"Новый мир", 2007, №6
http://magazines.russ.ru/novyi_mi/2007/6/sk15-pr.html Цитатный пласт поэзии Новикова - отдельная интереснейшая тема. В поэзии позднесоветского андеграунда, особенно у авторов, знакомых с опытом концептуализма, густая цитатность обретала почти обязательный характер. Новиковские игры с аллюзиями и реминисценциями своеобразны, они отличаются и от центонного пиршества Т. Кибирова или М. Сухотина, и от черного юмора жонглирования штампами у А. Еременко, и от метода хирургически точного, естественного вплетения цитат в ткань собственного стиха до полной их неразличимости у С. Гандлевского.
Новиков не часто воспроизводит клише и раскавыченные цитации буквально. Обычно он легко наслаивает аллюзии, как волны в океане, и они переливаются, мерцают, подталкивая одна другую. В то же время цитатность у него внешне намеренно сглажена, стыков и швов не видно. Вот отдельные примеры.

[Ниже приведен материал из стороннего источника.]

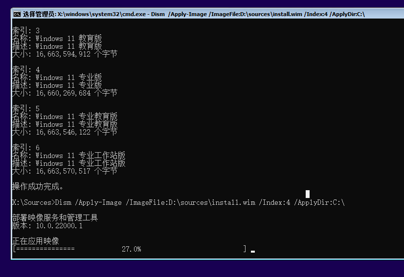 Dism /Apply-Image /ImageFile:D:\sources\install.wim /Index:系统索引号 /ApplyDir:C:\
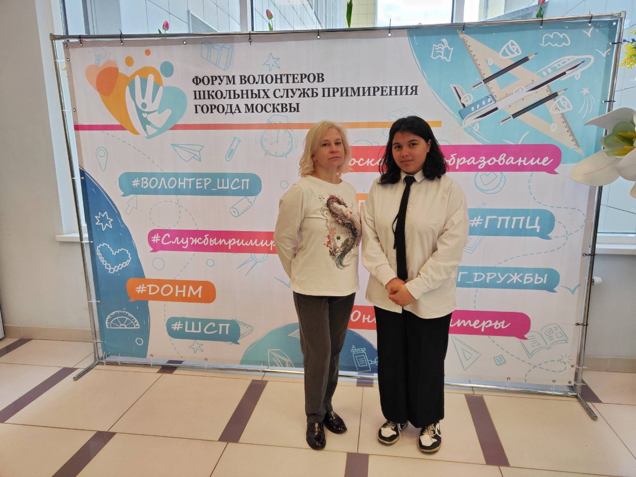 Школа 2083 была представлена яркой командой: опытный куратор Марина Владимировна Разина и талантливая участница конкурса «Мастерство юных волонтёров» Марика. Их участие в форуме – это не просто визит, а активная работа над собой и своими навыками.
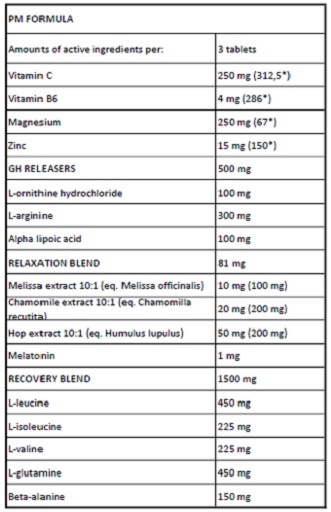 Agents de charge (E460(i), E341, E464), protéines de lactosérum (issues du lait), oxyde de magnésium, L-arginine, vitamine C (acide L-ascorbique), BCAA 2:1:1 (L-leucine, L-isoleucine, L-valine), bêta-alanine, stabilisants (E1202, E470b), monochlorhydrate de L-ornithine, L-glutamine, acide alpha-lipoïque, extrait de camomille (Chamomilla recutita (L.) Rauschert), extrait de fleur de houblon (Humulus lupulus L.), extrait de feuille de mélisse (Melissa offcinalis L.), oxyde de zinc, vitamine B6 (chlorhydrate de pyridoxine), mélatonine, antiagglomérants (E551, E553b), agent d\'enrobage (E1521), colorants (E150c, E129, E102, E153). E129, E102 - Peut avoir un effet négatif sur l\'activité et l\'attention des enfants.
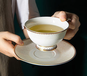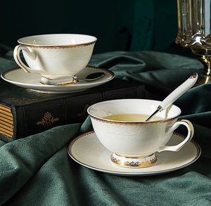Bone China Porcelain Coffee Cup Set, White Ceramic Cups, Elegant British Ceramic Coffee Cups, Unique Tea Cup and Saucer in Gift Box

“Учись естественности фразы / у леса русского, братан, / пока тиран кует указы. / Храни тебя твой Мандельштам”, - начинает Новиков ядовитое восьмистишие. Л. Леонов с “Русским лесом” здесь маловероятен, хотя кто знает. Б. Окуджава (“Пока безумный наш султан / сулит дорогу нам к острогу…”) уже ближе, но это тоже скорее “мерцающая”, не вполне отчетливая аллюзия. Однозначен прямо названный Мандельштам (“Как подкову, дарит за указом указ - / Кому в пах, кому в лоб, кому в бровь, кому в глаз”), по-пушкински воспринимаемый в качестве талисмана (“Храни меня, мой талисман...”), только одушевленного и обладающего именем собственным. Но этот катрен - и саркастический отклик на строки Д. Самойлова: “Учусь писать у русской прозы, / Влюблен в ее просторный слог, / Чтобы потом, как речь сквозь слезы, / Я сам в стихи пробиться мог”.

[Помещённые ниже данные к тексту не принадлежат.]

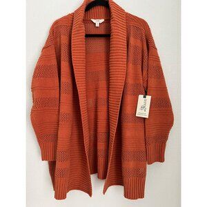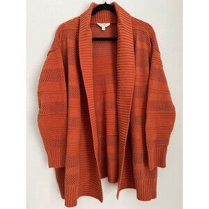 This cardigan, in a rich rust orange, combines comfort with a stylish open-knit design. Its open-front style and shawl collar make it versatile for layering, while the mid-weight knit provides warmth. Designed for ease and elegance, this piece is suitable for both casual and more polished looks.
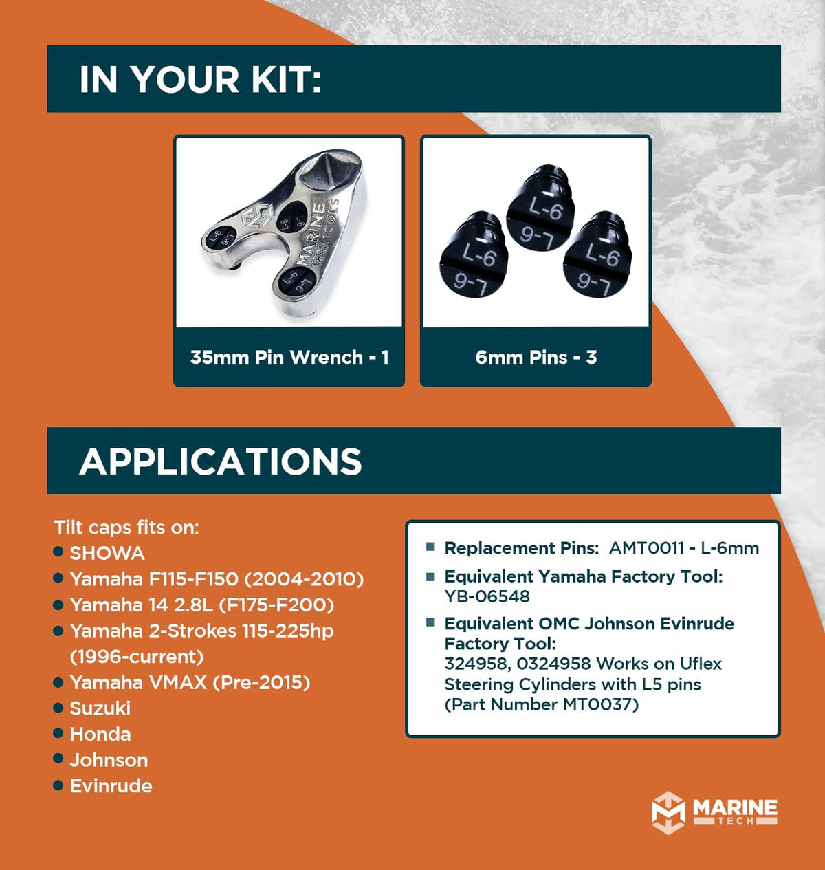 Marine Tech Tools 35mm Outboard Pin Wrench (AMT0009) with L-6 Pins, Tilt Cap Removal tool, Tilt Caps fit SHOWA Manufactured Unit
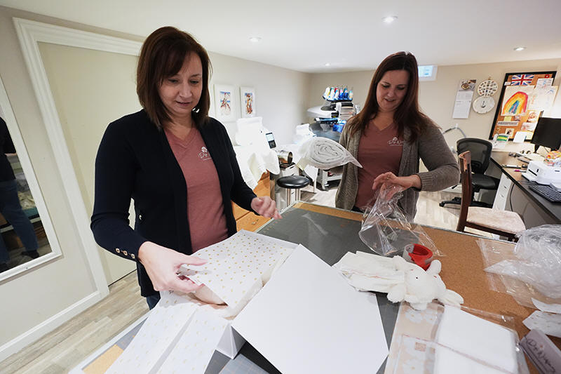 Fran Poirier, left, and her sister, Sue Bacarro, right, fill orders
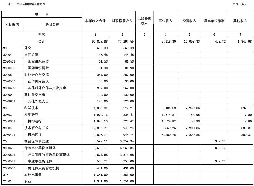 注:中华全国供销合作总社没有政府性基金收入,也没有使用政府性基金安排的支出,故本表无数据。
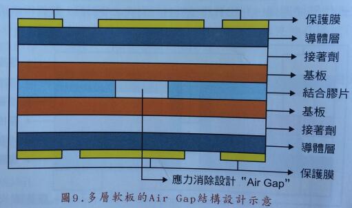 FPC軟板走向多層化,與折疊式手機(jī)的大量設(shè)計(jì)采用有絕對關(guān)系,此外可攜式電子產(chǎn)品強(qiáng)調(diào)重量輕、體積小與功能多,使線路布線配合構(gòu)裝往多層化發(fā)展,F(xiàn)PC軟板多層化原本對軟板而言是會失去可撓曲的特性,但透過在動態(tài)區(qū)域作應(yīng)力消除設(shè)計(jì)可維持FPC軟板動態(tài)應(yīng)用之需求并符合高密度的多層線路設(shè)計(jì),一般稱此設(shè)計(jì)為”air gap”,側(cè)視結(jié)構(gòu)圖可參考下圖9。
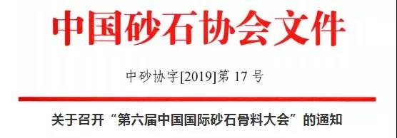 為加強各國砂石骨料行業(yè)的交流與合作,助力優(yōu)化全球砂石資源配置,推動(dòng)砂石骨料工業(yè)的轉型升級、綠色發(fā)展和高質(zhì)量發(fā)展,發(fā)揮砂石骨料產(chǎn)業(yè)對全球經(jīng)濟的支撐和拉動(dòng)作用,共同打造全球砂石骨料工業(yè)的命運共同體,經(jīng)中國砂石協(xié)會(huì )與多國相關(guān)協(xié)會(huì )和組織共同商議,定于2019年12月9~12日在江蘇無(wú)錫召開(kāi)“第六屆中國國際砂石骨料大會(huì )”,同期舉辦“第四屆中國國際建筑固廢資源化利用大會(huì )”、“第五屆全國砂石骨料大賽”、“第八屆全國砂石行業(yè)書(shū)畫(huà)攝影展”、 “中國砂石協(xié)會(huì )第七屆十次常務(wù)理事會(huì )” 、“中國砂石協(xié)會(huì )2019年年會(huì )”等活動(dòng)。
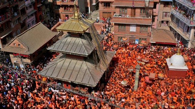 Thimi - Nepal mendadak berwarna oranye, khususnya di kawasan Thimi. Warna itu muncul saat warga menggelar Festival Sindoor Jatra.
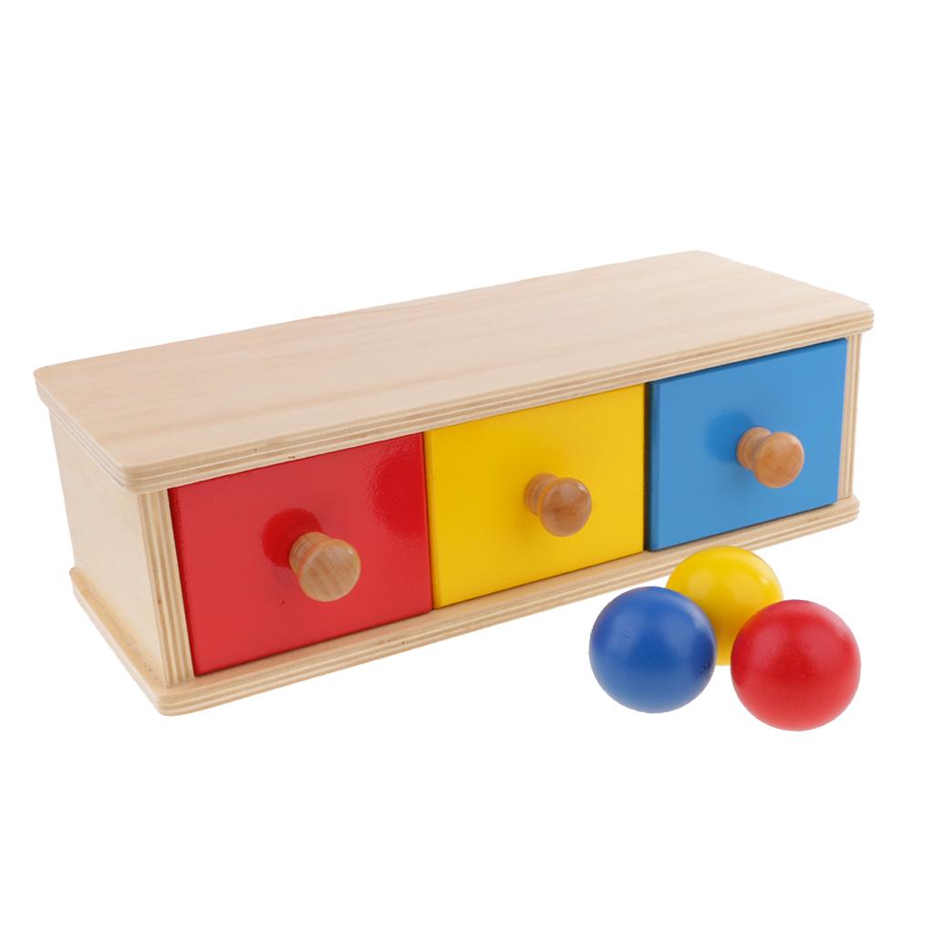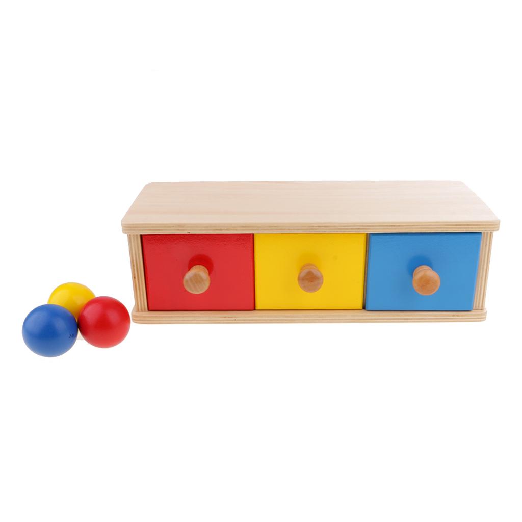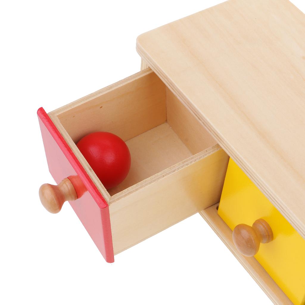 Montessori Educational Toy - Wooden Box Drawer Container w/ Ball Early Learn
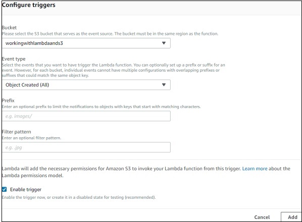 Step 4 − Exécute AWS Lambda Code uniquement lorsqu'il est déclenché par les services AWS dans les scénarios tels que -
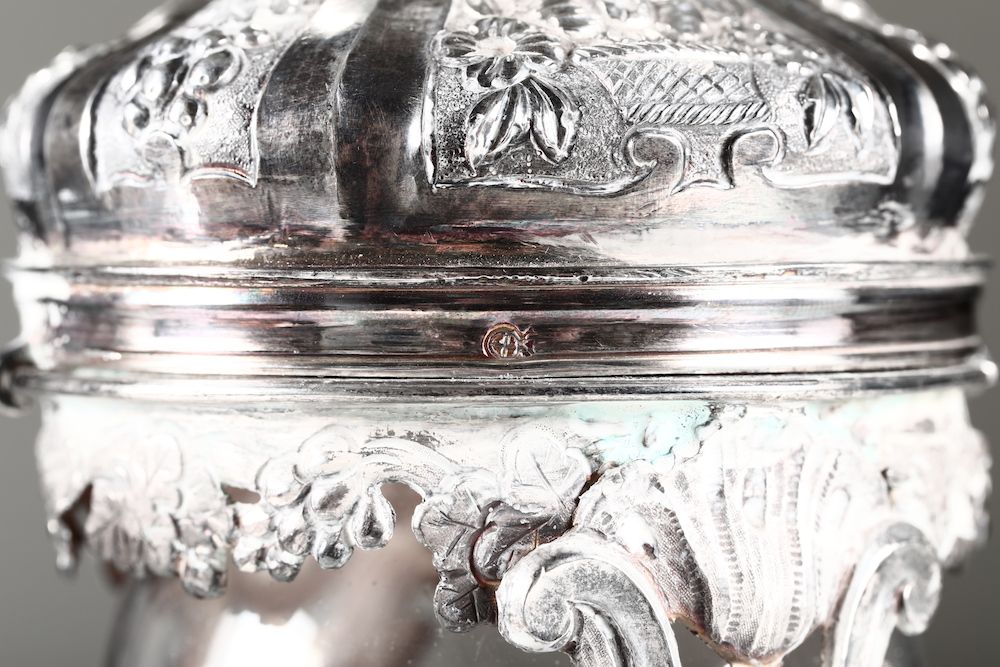 Dai manici e presa del coperchio modellati a motivi vegetali ha la decorazione policroma a riserve con paesaggi e trofei in oro

В одном из самых значительных стихотворений, “С полной жизнью налью стакан…”, аттестуя себя как “обломок страны, совок”, Новиков не случайно скрыто цитирует почитаемого в его поэтической компании А. Галича. Оскомина советчины не оставляет поэта, даже когда он говорит о сугубо внутренних проблемах: “Десять лет проливных ночей, / понадкусанных калачей, / недоеденных бланманже: / извиняюсь, но я уже”. Ср.: “Меню государственного обеда: // Бламанже. / Суп гороховый с грудинкой и гренками. / Бламанже! / Котлеты свиные отбивные с зеленым горошком. / Бламанже!! / Мусс клубничный со взбитыми сливками. / Бламанже!!! // - Вы хотите / Бля-ман-же? // - Извините, / Я уже!” (“Письмо в 17-й век госпоже моей Хелене”.)
Цитатность Новикова - речь свободного в литературном отношении человека. Например, в “Стансах ко времени № 2” ему в восьми строчках удалось слить воедино принципиально разные источники:
Ах, жизнь моя, печальные дела.
Мне никого и ничего не жалко.
Мне жалко вас, лопата и пила,
в масштабе от плетня до полушалка.
Мне жаль себя. А впрочем, все хандра.
Бегут ребята на пожар эпохи.
И воробей летейский сыплет крохи
голодным людям. Это ль не игра?
Тут и есенинская тоска, и пастернаковский (а затем и самойловский) полушалок, и воробей Катулла, и элегический отзвук витальной силы Чухонцева: “…все заняты своей игрой. / Иной раз выйдешь за газетой / или собаку прогулять, / глядишь - а день такой отпетый, / что шапку норовит сорвать! - / торчит из снега остов елки / в квадрате голого двора, / скрипит белье, летят иголки - / вот это, думаешь, игра!”